[Data shown]:
>>>

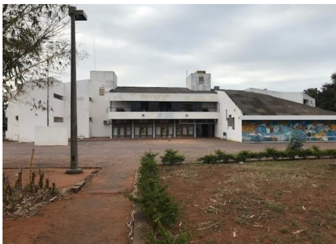
Figura 3: Centro de Estudos Africanos.

Depois da independência o Instituto de Investigação Científico de Moçambique, passou a designar-se Centro de Estudos Africanos criado pelo Aquino de Bragança e Ruth First como uma unidade orgânica da UEM, vocacionada a investigação científica nas áreas das ciências sociais e humanas, com um programa de pesquisas multidisciplinares que inclui o ensino e o debate permanente de ideias e a divulgação de resultados, orientados por um paradigma informado pelas ideias de igualdades, responsabilidade e relevância social ).
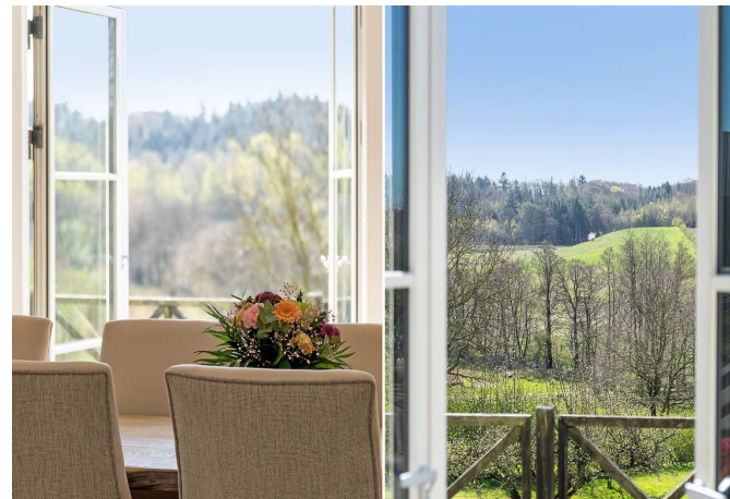
Fantastisk lysindfald og udsigt over landskabet.

<<<

[Problem description]:
Reproduce the data word for word; no pictures.

[Response for this exercise]:
Figura 3: Centro de Estudos Africanos.

Depois da independência o Instituto de Investigação Científico de Moçambique, passou a designar-se Centro de Estudos Africanos criado pelo Aquino de Bragança e Ruth First como uma unidade orgânica da UEM, vocacionada a investigação científica nas áreas das ciências sociais e humanas, com um programa de pesquisas multidisciplinares que inclui o ensino e o debate permanente de ideias e a divulgação de resultados, orientados por um paradigma informado pelas ideias de igualdades, responsabilidade e relevância social ).
Fantastisk lysindfald og udsigt over landskabet.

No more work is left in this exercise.